L'Argentine a chaviré de bonheur dimanche et la fête ne va certainement pas s'estomper d'ici plusieurs jours. Pour deux raisons: c'est un pays fou de foot, comme peu d'autres dans le monde. Et le football en Argentine est une des seules choses qui peut faire oublier la sérieuse crise qu'ils sont en train de traverser.

Le football a été importé en Argentine par les Anglais, avec un premier match dans le pays dès 1867. Leur championnat est troisième plus ancien du monde après le championnat anglais et celui des Pays-bas.

Au début du 20e siècle, le foot est devenu le sport le plus populaire avec l'arrivée massive d’une immigration italienne. Presque la moitié des argentins d’aujourd’hui ont des ascendances italiennes, y compris Messi. Et ces immigrés ont amené avec eux leur passion pour le foot. 9 Argentins sur 10 sont supporters d’un club, et les femmes presque autant que les hommes.

Un premier titre au goût amer en 1978

L'Argentine a rejoint dimanche le petit club des pays au moins trois fois champion du monde avec le Brésil, l'Allemagne et l’Italie.

La première Coupe du monde pour l'Argentine a un goût amer. Elle a eu lieu chez eux en 1978, au pire moment de la dictature militaire. Le général Videla, qui a remis la coupe, avait les mains pleines de sang. Sa junte militaire a fusillé environ 15.000 opposants et fait disparaître au moins 30.000 personnes.

La question du boycott s'était posée, principalement en Europe. En France, un petit groupe de militants avait même enlevé brièvement le sélectionneur, Michel Hidalgo, au moment où il partait pour l'aéroport. Il avait réussi à s'enfuir et à se réfugier dans une gendarmerie. Finalement, aucun pays n’avait boycotté ce Mondial en pleine dictature.

Le deuxième titre argentin dans toutes les mémoires

La deuxième étoile, c'était au Mexique en 1986. On s’en souvient en raison du quart de finale entre l'Argentine et l'Angleterre. Diego Maradona marque d’abord un but de la main que l’arbitre valide. Et puis quelques minutes plus tard, il marque ce qui est sans doute le plus beau but de l’histoire de la Coupe du monde, en dribblant six défenseurs et en transperçant la défense avant de marquer.

C'était le deuxième titre. Quant au troisième, ce dimanche, il restera aussi dans les mémoires.

Inflation entre 88% et 100%

De quoi mettre du baume au cœur, dans un pays qui économiquement va mal. Très mal, même. Le taux de pauvreté dépasse les 40%, le revenu moyen ne dépasse pas les 400 dollars par mois et l’inflation atteint des sommets.

Officiellement, elle est de 88% sur un an (chiffres d'octobre), mais les économistes prévoient qu’elle atteindra 100% à la fin de l’année. La crise est traumatisante pour les Argentins parce qu’ils savent jusqu'où les choses peuvent aller.

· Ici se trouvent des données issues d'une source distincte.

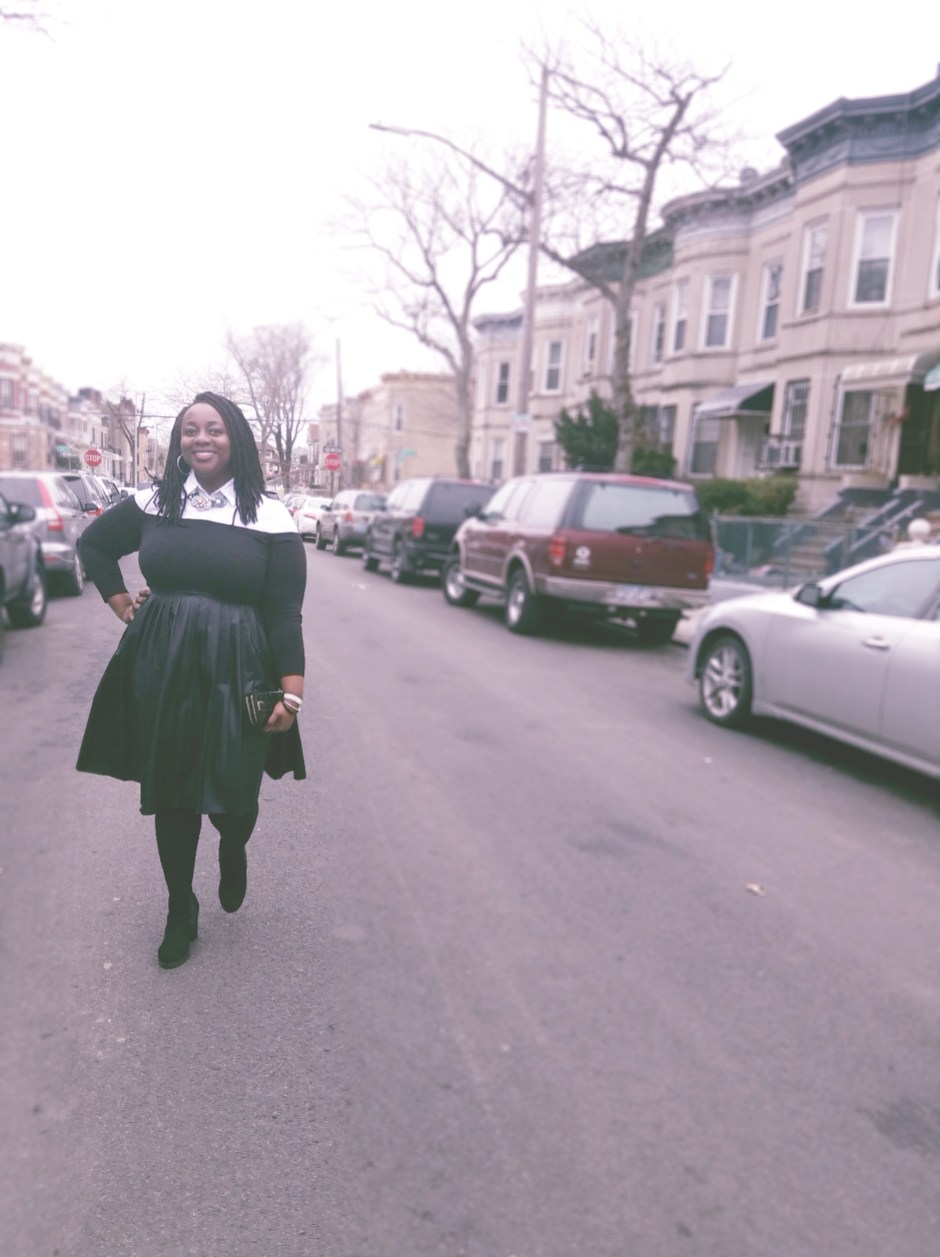 This Ashley Stewart shirt and off-the-shoulder sweater combo top made me feel so chic. This Worthington leather skirt purchased at JCPenney added a touch of class to the outfit. The black clutch and silver-blue necklace were the perfect accessories to complete the look! I cannot forget the black booties that I purchased from Payless(no longer in stores). They are comfortable, sturdy, and it makes my legs look great!

Il y a 21 ans, l'Argentine avait été touchée par un séisme économique qui avait plongé le pays dans le chaos. En décembre 2001, elle s'était retrouvée en défaut de paiement. C'est-à-dire qu'elle ne remboursait plus ses dettes. Les banques avaient fermé. Elles avaient été attaquées par des épargnants qui tentaient de récupérer leur argent avec des barres de fer à la main. Les supermarchés étaient pillés. Face aux émeutes, le président de la République avait fui le palais en hélicoptère. Et pendant plusieurs années ensuite, les Argentins ont connu la précarité et même la faim pour nombre d’entre eux.

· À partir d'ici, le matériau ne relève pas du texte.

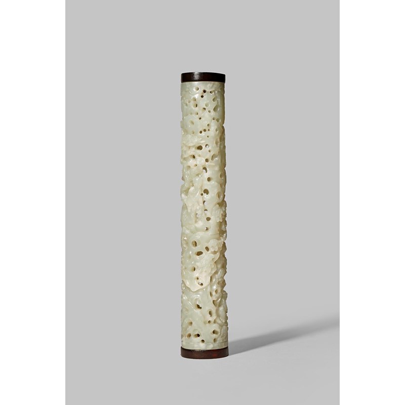 A CHINESE PALE CELADON JADE OPENWORK INCENSE HOLDER QIANLONG 1736-95 Carved with a scholar and an...

Voilà pourquoi la crise actuelle est traumatisante. Elle rappelle de trop mauvais souvenirs. Et voilà pourquoi, le gardien de but, Emiliano Martinez, avant la finale, avait dit qu’il allait jouer pour les 45 millions d'Argentins qui passent de si mauvais moments. Et c’est ce qu’il a fait. En arrêtant une frappe cruciale de Randal Kolo Muani en prolongation et un tir au but synonyme de défaite pour la France.